Why can’t Googlebot visit migrated pages all at once?

The above explanation has given us two conclusions; first Googlebots usually arrive at a website with a purpose, a “work schedule,” and a “bucket list” of URLs to crawl during a visit. Googlebot will surely complete its bucket list and checks around to see if there is anything more important that the URLs on the original bucket list that may also need collecting.

Furthermore, if there is important URLs, Googlebot may go a little further and crawl these other important URLs as well. If nothing further important is discovered, Googlebot returns for another bucket list to visit on your site next time.

Since Googlebot is mostly focusing on very few (important) URLs,  wheterh you’ve recently migrated a site or not, with occasional visits from time to time to those deemed least important, or not expected to have changed materially very often.
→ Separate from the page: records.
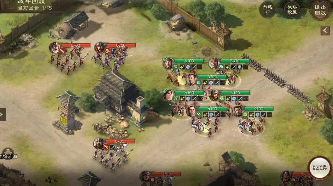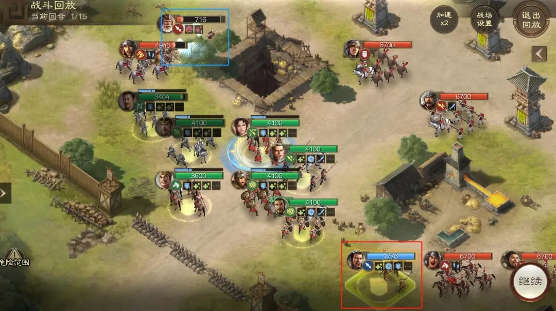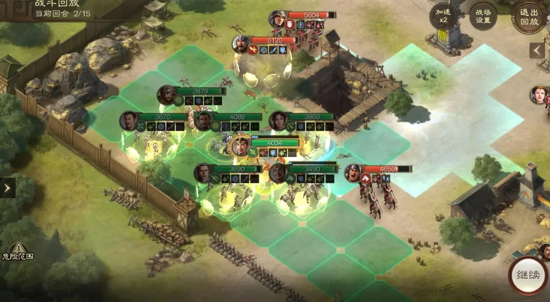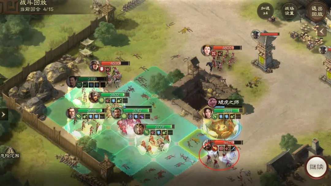 第四回合,你会看到徐盛的伤害被枪兵格挡,贾诩这回合继续控制吕蒙,接着用雄姿英发对一个单位进行输出就可以了,之后便无需在意他的存亡。
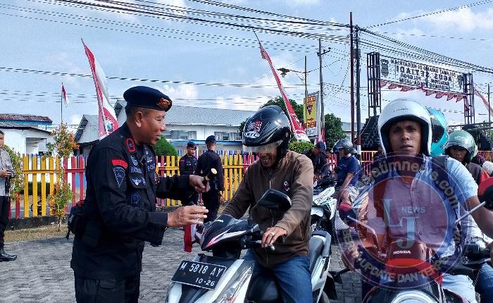 PAMEKASAN lintasjatimnews – Dalam Rangka menyambut hari kemerdekaan Republik Indonesia yang ke -80 tahun Satbrimob Polda Jatim, Kabupaten Pamekasan Madura Jawa Timur, bagi – bagi bendera Merah Putih.
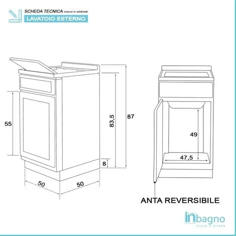 - Tipologia: mobile lavatoio con ampia vasca, 1 anta e tavoletta d’appoggio;
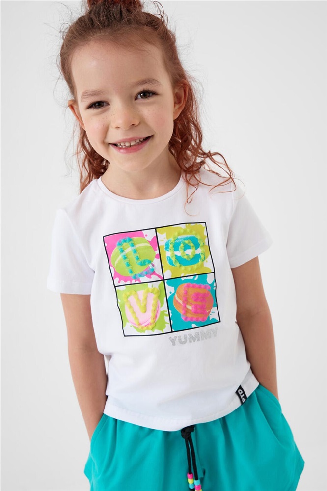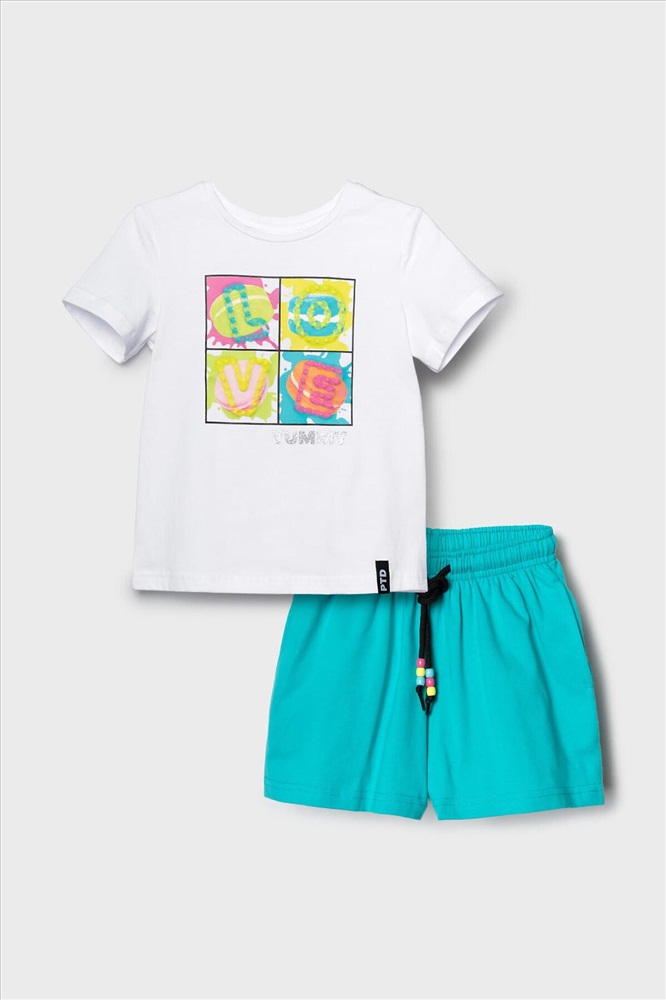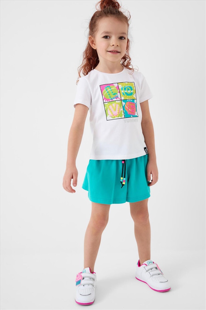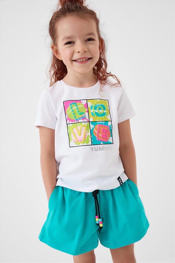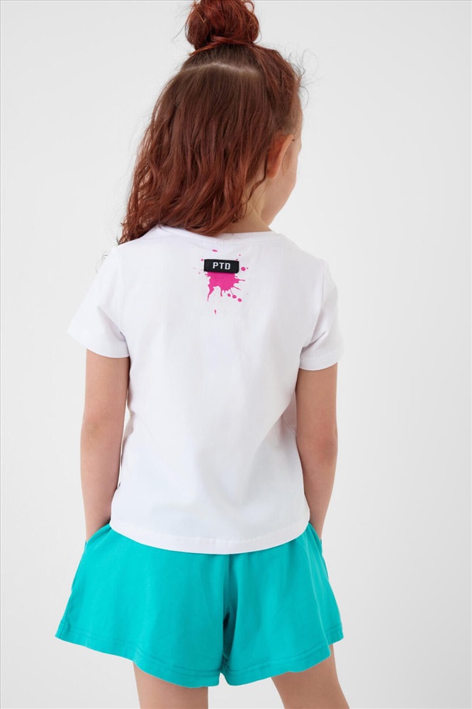 ID товара: 1240325 Состав: 95% хлопок, 5% эластан Сезон: Весна/Лето Детский костюм для девочки. Состоит из футболки с коротким рукавом и шорт. Выполнен из хлопкового трикотажа. Футболка прямого кроя, с красочным принтом и нашивкой. Шорты свободные, короткие, хорошо сидят на талии благодаря эластичному поясу и регулирующему шнурку. Удобные боковые карманы. Комментарии к товару

Moreover, Googlebot will likely send a signal to tell us if there is a migration of some sort underway over there when Googlebot comes across lots of redirection response codes. Once again, mostly only the most important migrating URLs will get crawled as a priority, and maybe more frequently than they normally would, too. Due to this, it is importance to know several factors, aside from page importance and change frequency that would make URLs be visited. They are limited search engine resources, host load, and URL queues an low importance of migrating pages.